2026 World Cup schedule set for 104 matches across three countries
The first 48-team World Cup will pack 104 matches into 38 days across three countries, with 70 games free on FOX and 92 free in Spanish.

FIFA has set a 104-match World Cup schedule that stretches from Mexico City to New York New Jersey, turning the 2026 tournament into the largest in the event’s history. The competition runs across 16 host cities in Canada, Mexico and the United States, with the opener set for Mexico City Stadium on Thursday, June 11, 2026, and the final slated for Sunday, July 19, 2026.
The scale is new for the sport and for viewers. It is the 23rd World Cup, the first to feature 48 teams and the first to be staged across three host countries. CBS Sports described the competition as 104 matches across 38 days, and FIFA said the schedule was built to minimize travel while prioritizing rest and recovery. The hosts Canada, Mexico and the USA were the only teams that already knew their match venues before the updated schedule was unveiled, a sign of how tightly the calendar was arranged around logistics as well as competition.
The daily rhythm will feel relentless across North America. U.S. captain Tim Ream told CBS News it is like “a Super Bowl every single day for five weeks,” a line that captures the tournament’s new pace more than any formal briefing could. With matches spread from one country to another and kickoff windows designed around a continent-wide audience, the World Cup will not play out like a single-center event. It will be a rolling schedule that moves through airports, time zones and television grids for more than a month.
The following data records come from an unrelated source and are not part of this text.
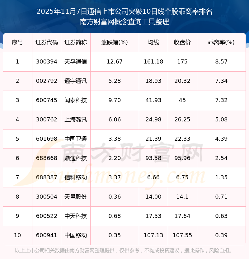2025年11月7日通信上市公司突破10日線個(gè)股乖離率排名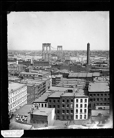 [Cityscape with Brooklyn Bridge under construction in background.]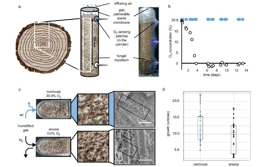 圖2、對(duì)不同木材深度處的真菌及其酶的代謝組學(xué)鑒定。a)模擬真菌在從樹干表面到內(nèi)部(從有氧到缺氧)的整個(gè)徑向梯度的固態(tài)培養(yǎng)設(shè)置,允許非侵入式測(cè)量頂部(藍(lán)色貼片)和底部(白色貼片)的O?濃度。b)在頂部(藍(lán)色)和柱底(白色)測(cè)量的O?濃度,分別代表空氣-木材界面和柱底的O?濃度。c)在有氧和缺氧條件下,松木上的Fomitopsis pinicola的固態(tài)培養(yǎng)。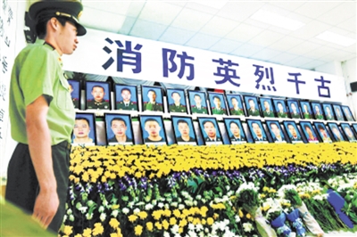 昨日,天津港“8·12”特别重大火灾爆炸事故悼念活动在天津举行。天津市公安消防开发支队官兵在灵堂内悼念遇难战友。截至当日上午9时,遇难者114人,确认身份83人。 (新华社)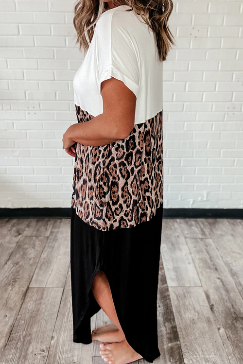 •Casual v neck, short sleeve t-shirt design in maxi-length silhouette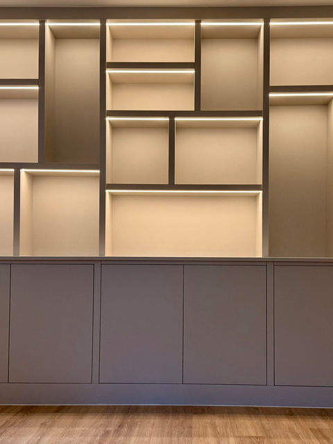 Custom bookshelves, bespoke media units, dressers - whether you need space for a record player, books, a large TV, or something more personal, we can design around exactly what you use and how you use it. Bookshelves, cupboards, cable management and lighting can all be built in from the start. We also build alcove shelving.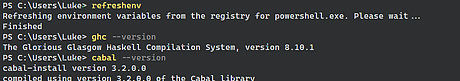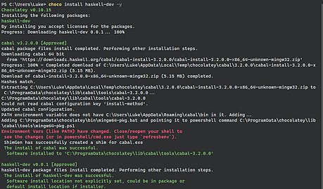 Install the Haskell tools. As noted on Haskell's website, you must install the haskell-dev package via Chocolatey. Before running choco make sure you've either restarted Windows Terminal or ran the commandrefreshenv so that choco will be in the $Env:Path. Using an elevated prompt, run the following command choco install haskell-dev -y
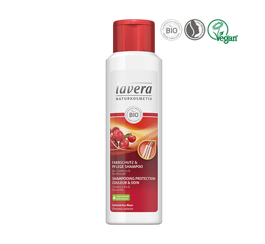 LE SHAMPOOING PROTECTION COULEUR BIO LAVERAPour préserver l'éclat de votre coloration, offrez à vos cheveux un soin riche et intense avec le Shampooing Protection couleur & Soin de lavera. La formule à base de cranberry bio et avocat bio nettoie et nourrit les cheveux de manière naturelle. PETITE ASTUCE LES + DU SHAMPOOING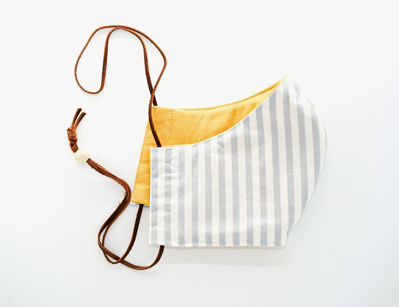 Some of the most stylish masks come from Etsy. This one, from Knitted Legs, is reversible and includes two types of leather cords so you can wear them around your head or your ears.
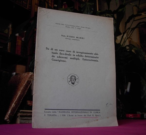 Fascicolo in 8, brossura editoriale, frontespizio, 19 pp., bianca finale. Interessante dettagliato caso, descritto dal comprimario dellospedale civile di Pontedera, estratto dalla Rassegna internazionale di clinica e terapia. Scritti in onore del Prof. E. Burci. Corredato di 4 figure n.t. In buone condizioni.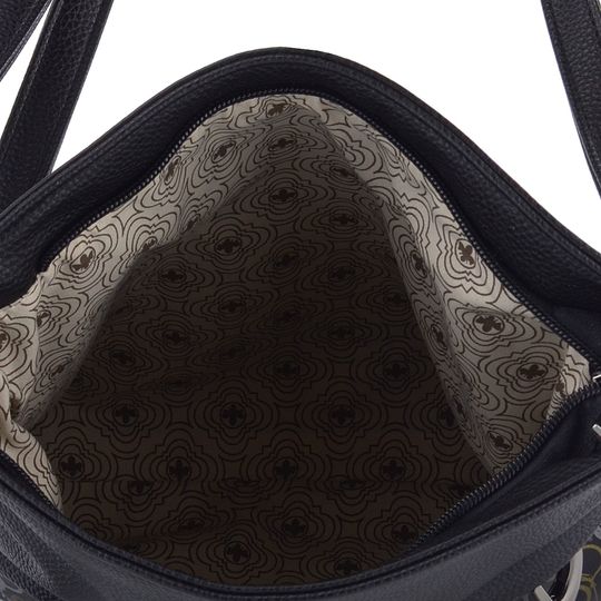 Stylová a módní crossbody kabelka od značky Rieker v elegantní černé barvě je ideálním doplňkem pro podzimní a zimní sezónu. Vyrobena ze syntetického materiálu s jemnou strukturou a hladkým povrchem s potiskem, tato kabelka zaujme svým metalickým potiskem party balonků ve stříbrné, zlaté a bronzové barvě. Kabelka má praktický menší střih, který se skvěle hodí pro každodenní nošení.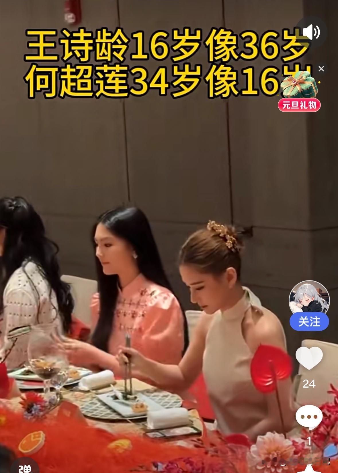 网友评论,王诗龄16岁像36岁,何超莲34岁像16岁,看图片,网友形容的还真贴切。 日前,两个人恰巧坐在紧挨着的座位吃饭,王诗龄才16岁,但是看着非常成熟,也跟她骨架大有关系,旁边的何超莲看着好像比她还年轻。 王诗龄像土财主家的大姑娘,何超莲像上海某位资本家家里的小小姐。一个脱俗,一个清新,都很有气质,又各有千秋,一个资本家的小家碧玉,一个大财主家的大家闺秀。 16岁,还是感觉太成熟了!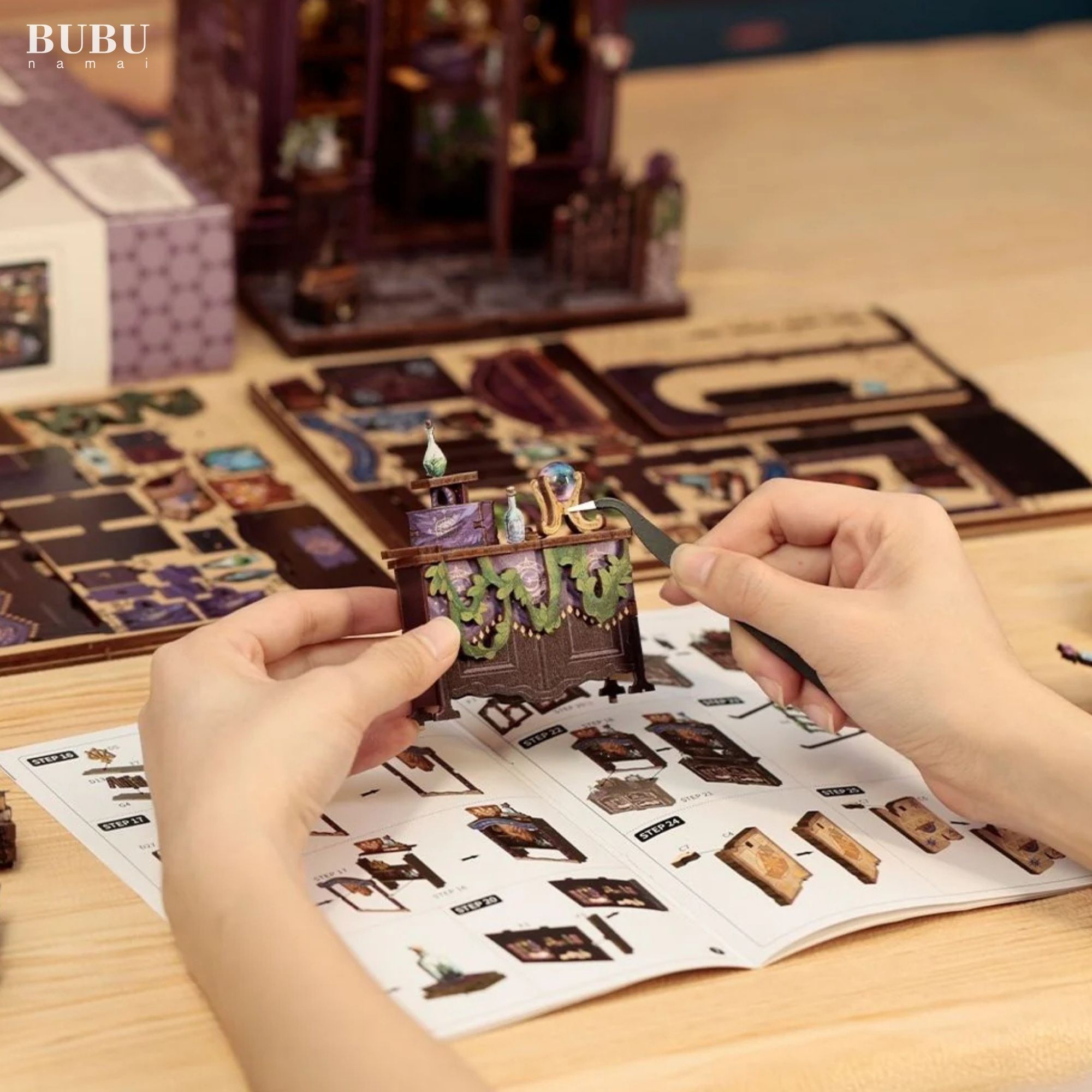 • Komponentai – visos dalys, reikalingos detaliam ir kruopščiam „Book Nook“ sukurti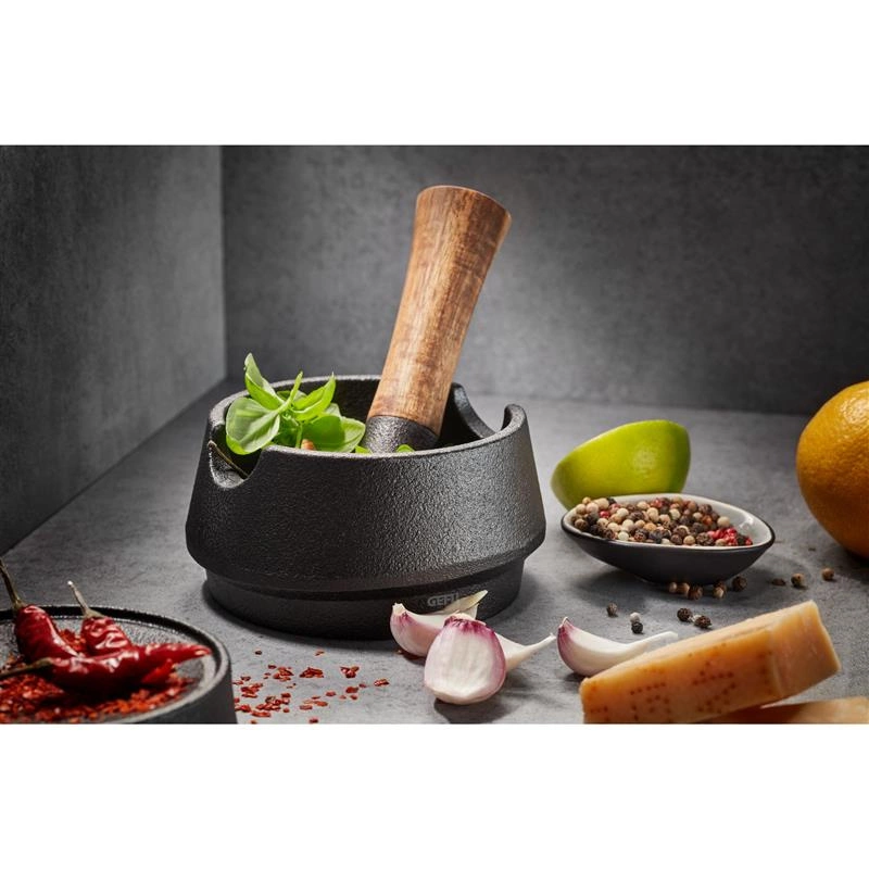 - żeliwny tłuczek z uchwytem wykonanym z drewna akacjowego

Broadcast access will be unusually broad in the United States. FOX Sports said all 104 matches will air live across FOX and FS1, with every game streaming live and on-demand on FOX One and the FOX Sports app. CBS News said viewers with a TV antenna, or access to the FOX network channel through a smart TV, can watch 70 matches for free, while the rest will be carried on FS1, the cable channel.
Spanish-language coverage will also reach most households without a paywall. CBS News said every match will air on Telemundo and Universo, and 92 of the 104 games will be free in Spanish. FIFA said 1,248 players representing 48 nations were confirmed in final squad lists on June 2, adding one more marker of a tournament built to dominate the North American summer from the opening whistle to the last medal ceremony.